Esta lectura genealógica tiene una consecuencia analítica. Si lo que se discute es, en su núcleo, el mismo proyecto de hace un cuarto de siglo, entonces el argumento de que las nuevas realidades lo justifican pierde fuerza. Ciertamente el sistema requiere intervención, pero no necesariamente esta intervención, concebida antes de que la mayoría de los factores que se invocan para su aprobación existieran. Señalarlo no es oponerse a la reforma; es ubicar correctamente la carga de la prueba.
El pasado también enseña sobre el método
La historia no solo ilumina el contenido del proyecto, también lo hace sobre la gestión política. Aquella administración no fue uniformemente concertadora, como a veces se la evoca. Fue un gobierno que, en el mismo período y frente a dos reformas estructurales simultáneas, gobernó de dos maneras opuestas. La reforma de pensiones la condujo con un talante facilitador: dialogó, retiró de la mesa los puntos ásperos, desactivó frentes potenciales y fundió la iniciativa con temas que los trabajadores demandaban. El resultado fue la Ley de Protección al Trabajador, un hito de la seguridad social. El Combo ICE, en cambio, lo gobernó con estilo verticalista: forzó los consensos, cerró la negociación en función de la aritmética parlamentaria, e ignoró el descontento social acumulado. El resultado fue el colapso del proyecto y la mayor paralización nacional de la historia reciente.

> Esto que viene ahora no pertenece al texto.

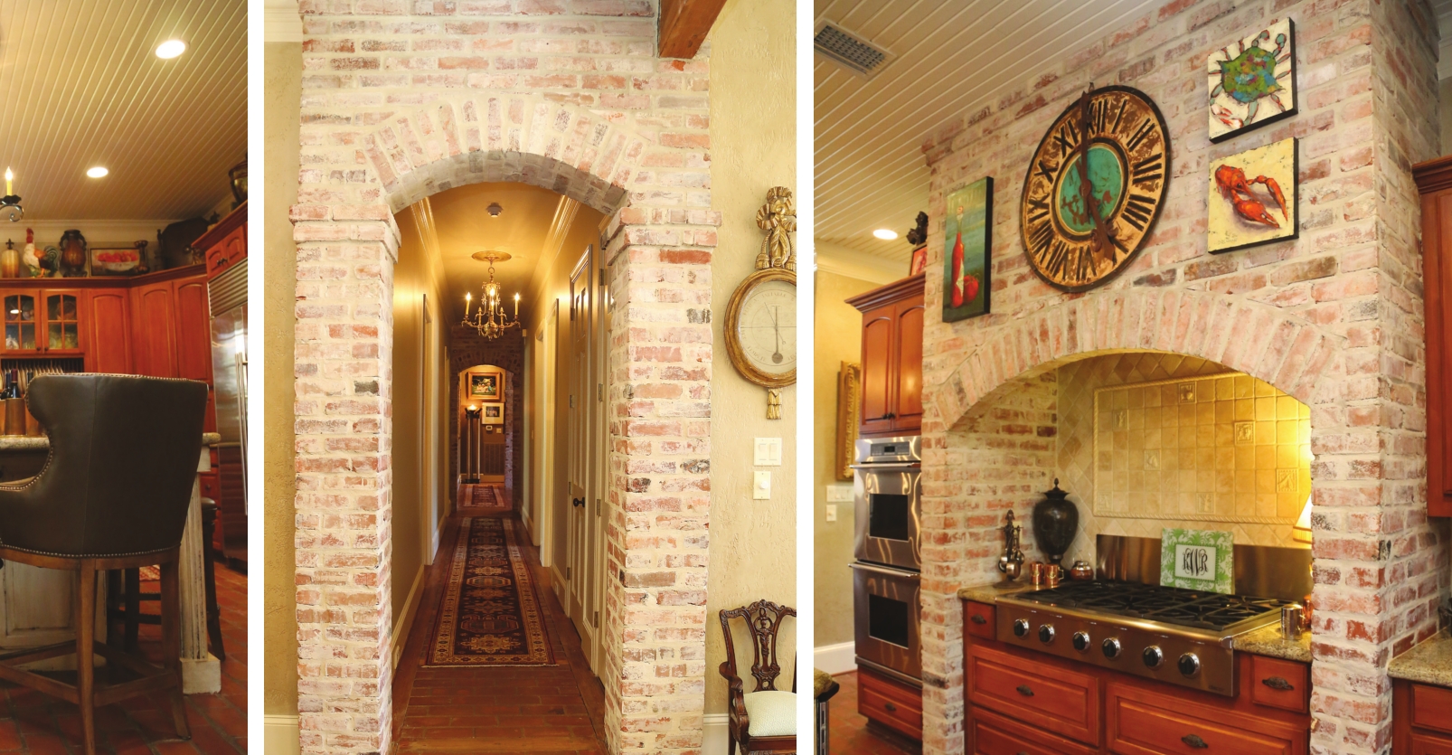 the bricked alcove that houses the cook top. A hand-painted faux clock

Sería simplista asumir que concertar sea virtuoso e imponer constituya una torpeza. La enseñanza de aquel episodio de la vida nacional es que la conducción política importa a pesar de la fuerza aritmética de partida.
Por qué la analogía tiene un límite
Sería un error, sin embargo, proyectar mecánicamente el 2000 sobre el presente, dado que el terreno cambió en al menos tres sentidos que conviene tener presentes:
- Las instituciones que entonces desescalaron el conflicto operan hoy con su credibilidad presionada. Una eventual consulta de constitucionalidad sobre el proyecto podría tanto enfriar un eventual conflicto como inflamarlo.
- El movimiento social que frenó el Combo ICE está objetivamente más débil, aunque ese estado es dinámico.
- Más importante, se erosionó la vieja premisa de que el conflicto castiga a quien lo activa. En un entorno donde la emoción y la narrativa desplazan a la evidencia, un frente abierto puede tanto desgastar a un gobierno como darle el adversario que necesita para movilizar a los suyos.
Esa última mutación es la que vuelve el desenlace genuinamente incierto. Hasta hace poco podía afirmarse, con razonable previsibilidad, que abrir varios frentes a la vez era imprudente.
La actual reforma avanza en compañía de frentes abiertos en materia de pensiones y agro, y fue precisamente la fusión de frentes la que en el 2000 escaló el conflicto a escala nacional. La protesta contra el Combo era manejable hasta que el sector agrícola se sumó. La situación presente de los frijoleros, de los arroceros y la apertura comercial pendiente de aprobación legislativa —la adhesión al Acuerdo Transpacífico y la búsqueda de la Alianza del Pacífico—, hace espejo con el denominado Combo Agrícola del año 2000 adversado por los agricultores. Si esa convergencia volverá a producirse y con qué efecto, es algo que no puede saberse de antemano.
El valor de mirar atrás
Nada de lo anterior dice si la reforma debe aprobarse o archivarse. Esa es una decisión política y democrática que seguirá su curso institucional. Lo que la mirada histórica aporta es más modesto y, a la vez, más duradero: permite distinguir lo nuevo de lo reciclado, reconocer los patrones que se repiten y los que se han roto, y advertir que el resultado de un proceso como este dependerá menos del mérito técnico de cada expediente que del método con que se conduzca y del relato que logre imponerse.
La moneda está en el aire y cada parte busca la manera de inclinarla antes de que toque el suelo. Mientras tanto, recordar de dónde viene este proyecto posiblemente sea la mejor herramienta disponible para entender hacia dónde se podría ir y cuáles decisiones tomar.